Investor sentiment picked up,
however, after cargo surveyor Intertek Testing Services reported a 4.6 percent
increase in Malaysian palm oil exports to 1,153,852 tonnes for the Feb. 1-25
period from a month ago. Another cargo surveyor, Societe Generale de
Surveillance, reported exports in the same period picked up 2.7 percent, buoyed
by higher shipments to Europe and India. "The numbers were slightly better
than expected and will probably stay at this pace towards the end of the month
on a last-minute push to ship out tax-free crude palm oil," said a dealer
with a foreign commodities brokerage in Malaysia.

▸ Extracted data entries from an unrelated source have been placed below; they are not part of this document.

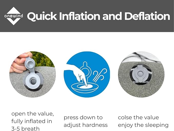 • RAPID INFLATION: Equipped with a convenient one-click valve, inflating your pillow to maximum firmness is quick and hassle-free, requiring just 3-5 breaths. Adjust the firmness to your liking with a simple hold on the inflation button, ensuring customizable comfort wherever your camping, backpacking, hiking, or hammock adventures take you.
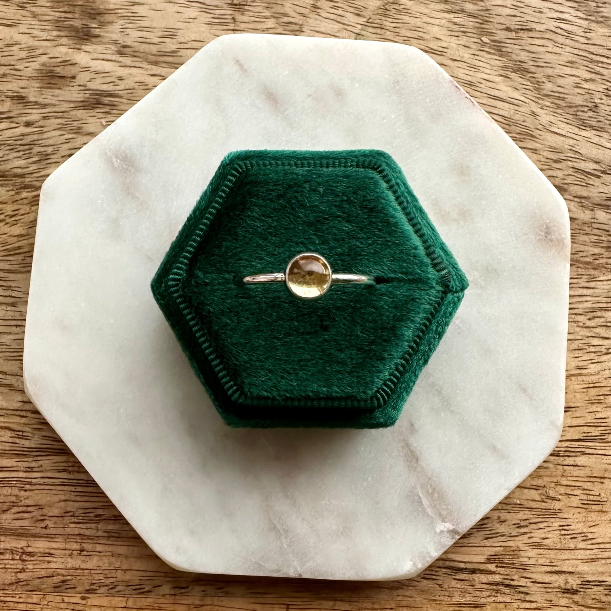 This dainty ring is like a little drop of honey, radiating a natural glow. Wear it to add a touch of sweetness to any outfit. Pair with your choice of stacking rings to create your perfect ring stack!
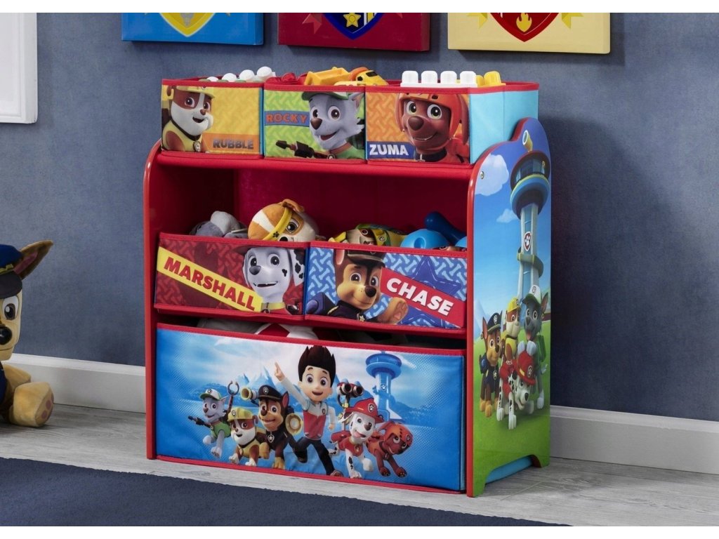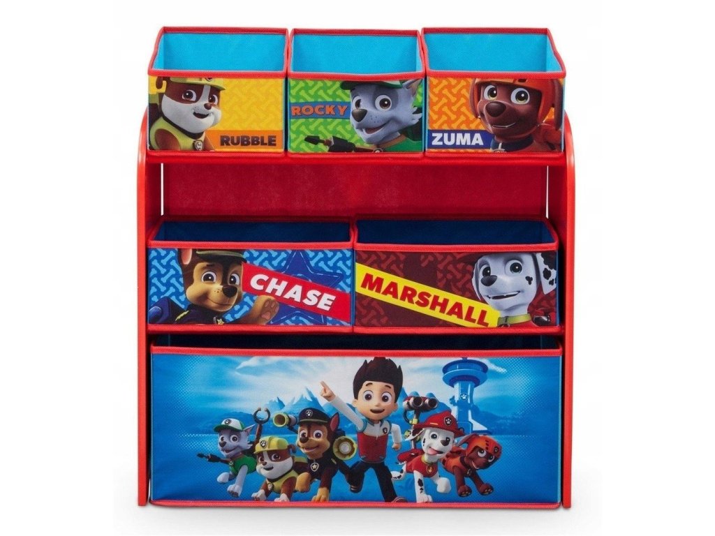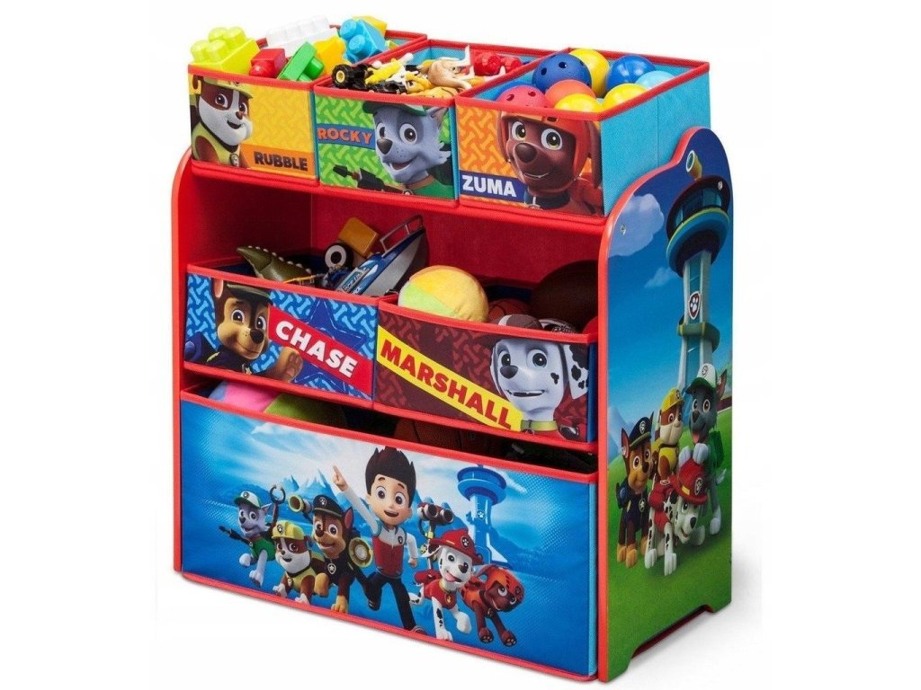 Zábavný dětský regál na hračky s veselým dětským motivem. Krásný doplněk do dětského pokojíčku. Nudné uklízení hraček se může stát zábavou. Organizér je ideální k uskladnění hraček, obsahuje 6 plátěných boxů, řešených tak, aby si děti mohly ukládat hračky samy.

Malaysia, the world's No.2 producer
of the edible oil, will raise February's zero percent export tax to 4.5 percent
in March after keeping it unchanged for two months. Traders are counting on
improving palm oil exports and
seasonally slowing output in the world's No. 2 producer of the edible
oil to help ease stockpiles that stood at 2.58 million tonnes in January. In
other markets, Brent crude wiped out early losses to trade above $114 per
barrel on Monday as a firmer euro supported prices, although worries that a
retreat in China's manufacturing activity would dent demand from the world's
top energy consumer capped gains.
[Reuters]
Market sentiment is weak because of the bleak global
economic outlook, exacerbated further by bearish data from China on Monday, a
Kuala Lumpur-based trading executive said. The
preliminary HSBC China Manufacturing Purchasing Managers Index fell to 50.4 in
February compared with a final reading of 52.3 in January. This in turn pressured prices
of many commodities, including those of palm oil, traders said.

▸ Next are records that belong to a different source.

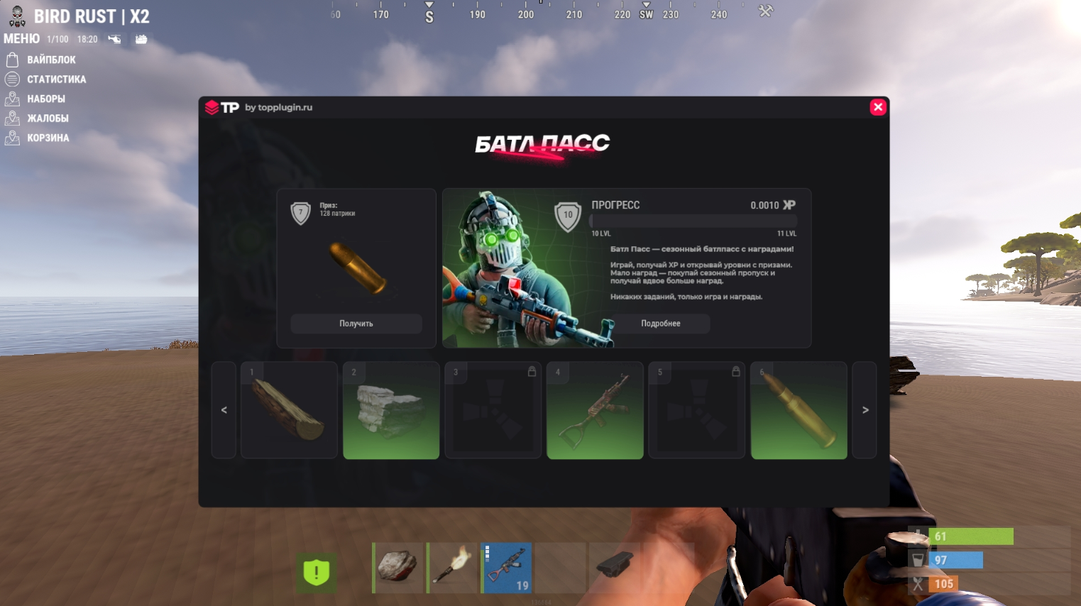 TPBPass – это сезонный батлпасс с наградами!За различные игровые действия — фарм, убийства игроков, лутание ящиков и бочек — вы будете получать XP и постепенно разблокировать уровни.
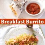 Once the cheese is melted tear the foil away and enjoy your breakfast burrito. Serve alongside some salsa, sour cream, etc.
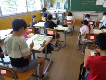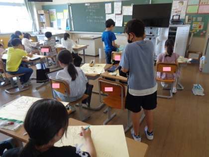 かもとりごんべえとジャックと豆の木の絵から好きな場面を選び、絵をかいています。出来上がりが楽しみです。
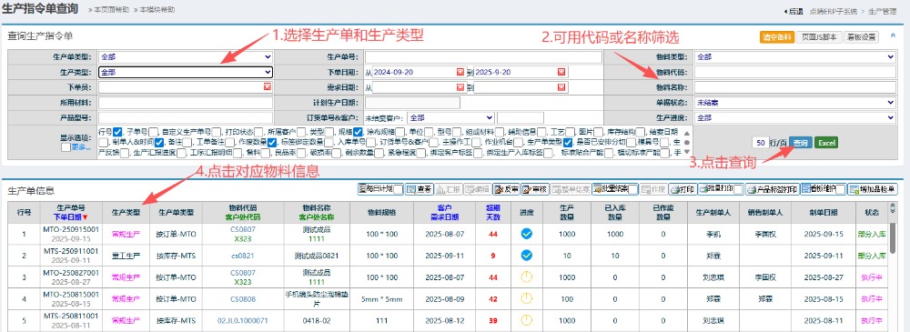 6.进入界面后,按图操作:选择生产单类型,可用代码或名称筛选。点击查询,确认当前生产单类型。

Rainfall over the past week and forecasts of continued
favorable weather this week in the world's top exporter of soyoil, Argentina,
weighed on prices of both soyoil and palm oil, as did forecasts of a record
soybean crop and rising soybean inventories in the U.S., they said. On Friday, the U.S. Department
of Agriculture forecast soybean stocks to jump to 250 million bushels at the
end of the 2013-14 marketing year, compared with its projection of 125 million
bushels at the end of the 2012-13 year, which ends Aug. 31.

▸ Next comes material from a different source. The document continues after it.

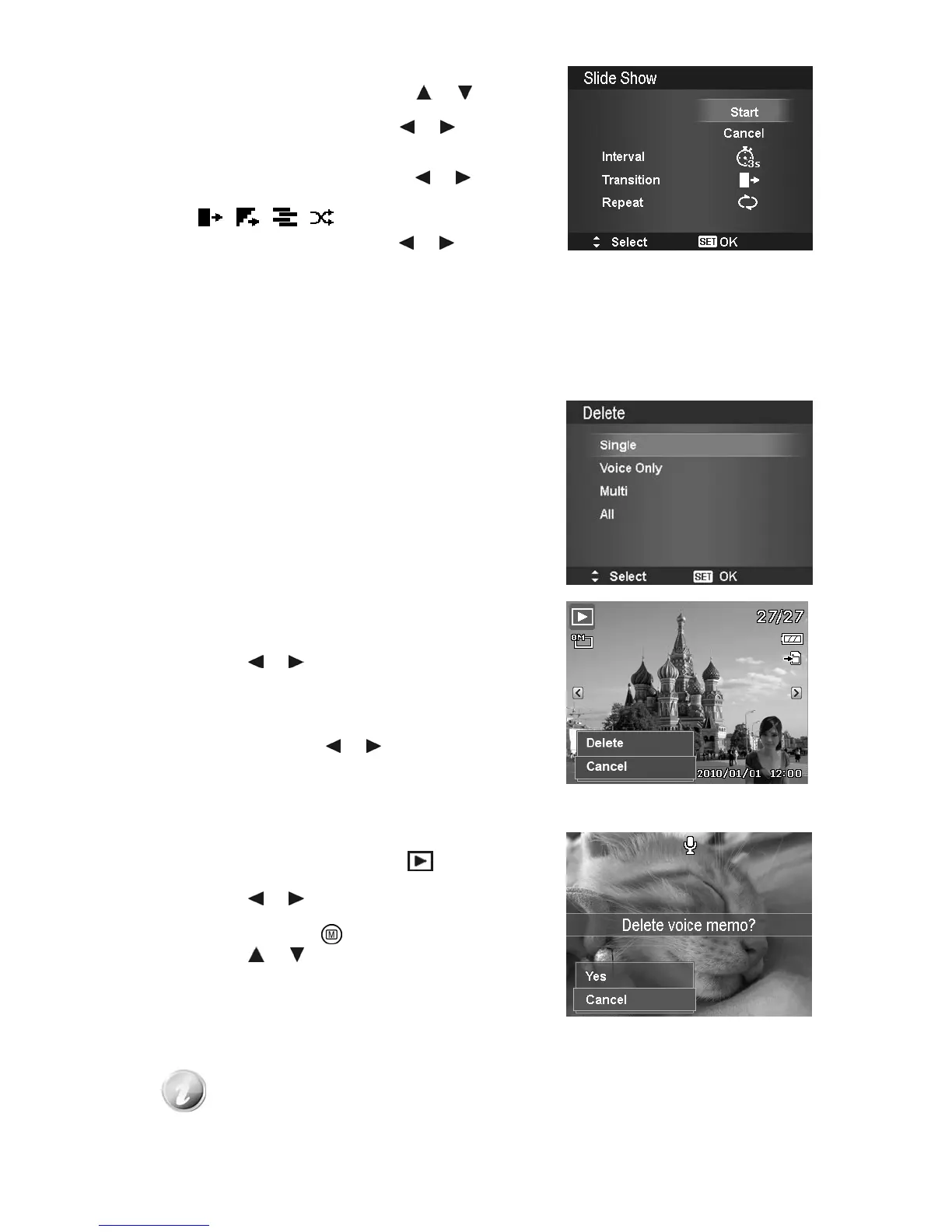 The Delete function allows to remove unwanted files in the internal memory or on the memory card.

Investors keenly await an industry conference next week in
Kuala Lumpur, where eminent analysts Dorab Mistry and James Fry will likely
present their outlook for palm oil for 2013. Prices
could easily edge toward the MYR2,500-MYR2,600/ton band if analysts are bullish,
a second Kuala Lumpur-based trading executive said. Open interest on the BMD was
201,834 lots versus 167,287 lots Friday. One lot is equivalent to 25 tons. A total of 37,569 lots of CPO
were traded versus 20,589 lots Friday. [Dow Jones Newswire]
Today’s Support
and Resistance is located around 2,430 and 2,480 respectively.